• [Prompt]: Exact copy, pictures excluded: print the lines from the one with "赵平副书记和卡尔海曼先生为北" through the final line of the records.

Excerpts from a dataset
******************************

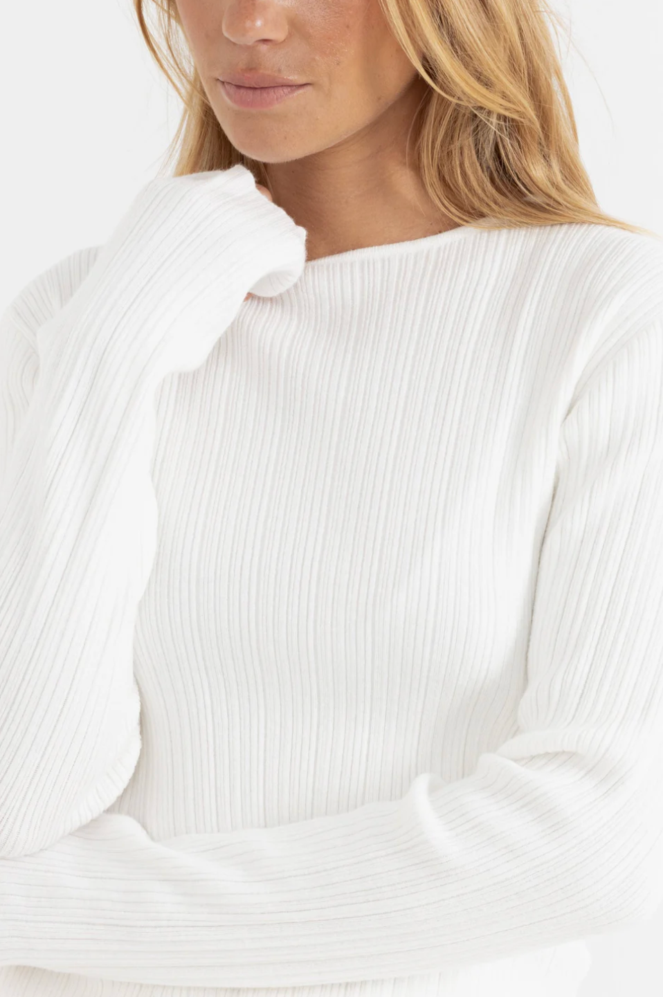 Elevate your essentials with the Essential Long Sleeve Knit top. This fitted design features a boat neckline and long slim sleeves, providing a flattering silhouette that is both stylish and comfortable.
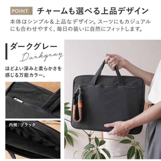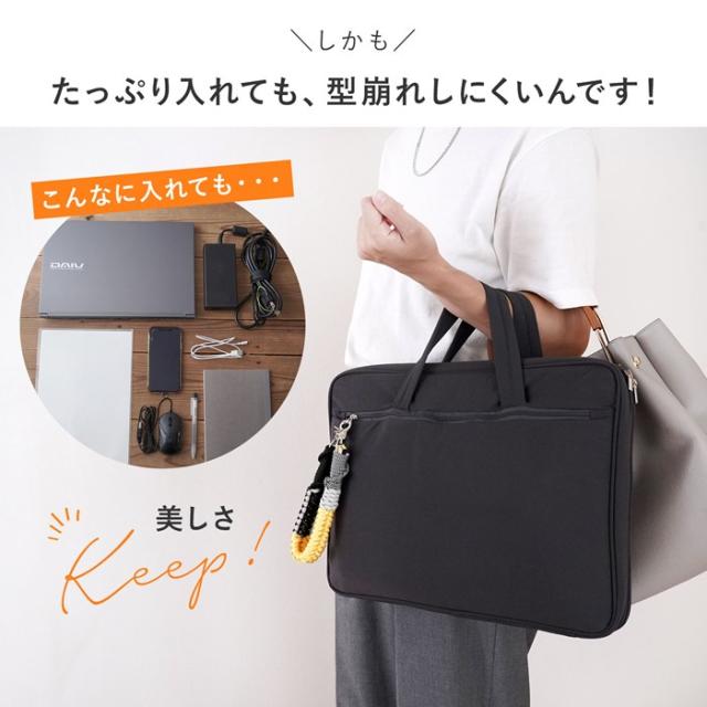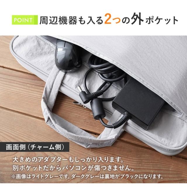 ・PCメーカーや機種によってサイズが異なりますので、必ずパソコンのサイズを確認の上ご購入ください。またPCサイズによってPCを押さえる平ゴムの使用感は変わる場合がございます。 表地には撥水加工を施していますが、裏地には加工をしておらず、撥水効果は使用とともに徐々に薄れていきます。防水仕様ではありませんので、強い雨などにはご注意ください。 ・洗濯やドライクリーニング、アイロンがけは、型崩れや変色の原因となりますのでお避けください。 ・緩衝材を入れておりますが、電子機器などを収納する際は十分ご注意ください。 ・お使いのパソコンやスマートフォンの画面により、実際の色味と若干異なる場合があります。 |
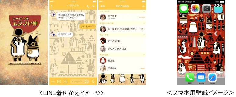 そしてこの度、数多くの商品化の要望の中でも特にリクエストが多かった「LINEスタンプ」及び「LINE着せかえ」の販売を開始いたしました。また同時に、ネオスが提供する着せかえプラットフォーム【カスタモ】や「ドコモメールストア」においても壁紙やスタンプなど、『とーとつにエジプト神』のシュールな世界観をお楽しみいただけるコンテンツを幅広く提供開始しております。
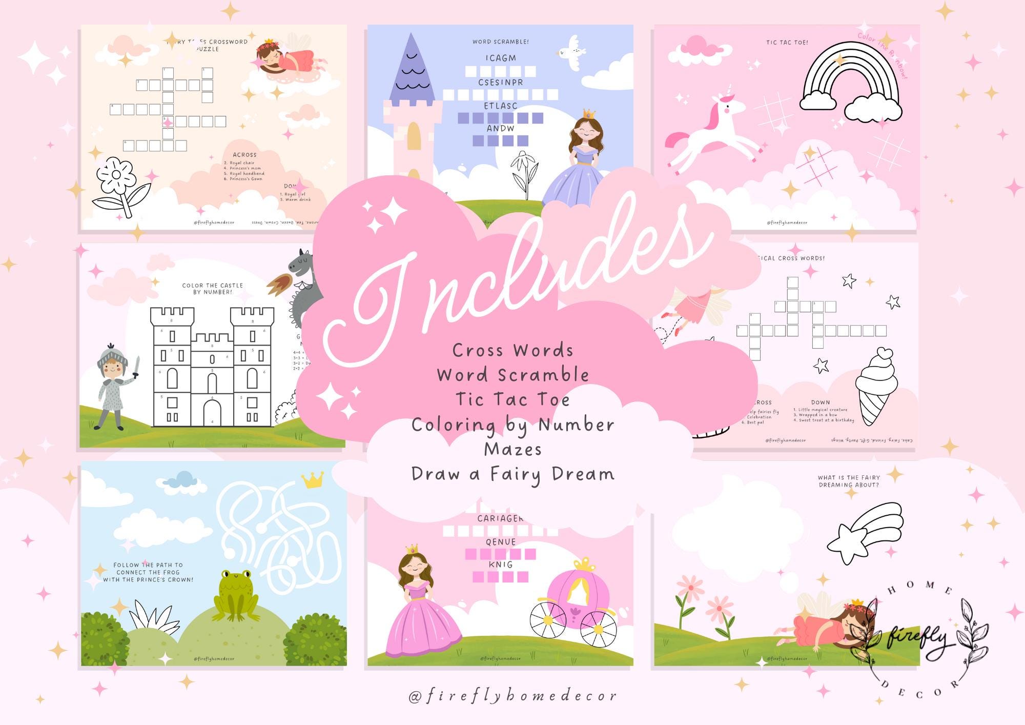Spot the differences, Finish the drawing, Mazes, Draw a royal Pennant, Words Scramble, Match the shapes, Connect the lines, Wordsearch, Cross words, Color by number, Tic tac toe, Coloring, What is the fairy dreaming, Complete the Pattern, Free coloring, Match the fruits, and more!
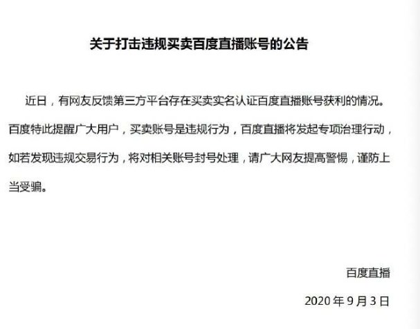 36氪獲悉,百度通過官方微博發(fā)布公告稱,近日,有網(wǎng)友反饋第三方平臺(tái)存在買賣實(shí)名認(rèn)證百度直播賬號(hào)獲利的情況。百度表示買賣賬號(hào)是違規(guī)行為,百度直播將發(fā)起專項(xiàng)治理行動(dòng),如若發(fā)現(xiàn)違規(guī)交易行為,將對(duì)賬號(hào)封號(hào)處理。
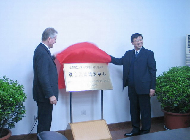 赵平副书记和卡尔海曼先生为北京理工大学-HORIBA ATS联合测试试验中心揭牌
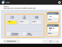 Um doppelseitige Kopien zu erstellen bzw. doppelseitige Originale für einseitige Kopien zu scannen, drücken Sie <Einstellungen Doppelseitig>. Weitere Informationen zu dieser Einstellung finden Sie im Abschnitt "Doppelseitiges Kopieren" in Schritt 4 unter

******************************

• [Answer to the exercise]:
 赵平副书记和卡尔海曼先生为北京理工大学-HORIBA ATS联合测试试验中心揭牌
 Um doppelseitige Kopien zu erstellen bzw. doppelseitige Originale für einseitige Kopien zu scannen, drücken Sie <Einstellungen Doppelseitig>. Weitere Informationen zu dieser Einstellung finden Sie im Abschnitt "Doppelseitiges Kopieren" in Schritt 4 unter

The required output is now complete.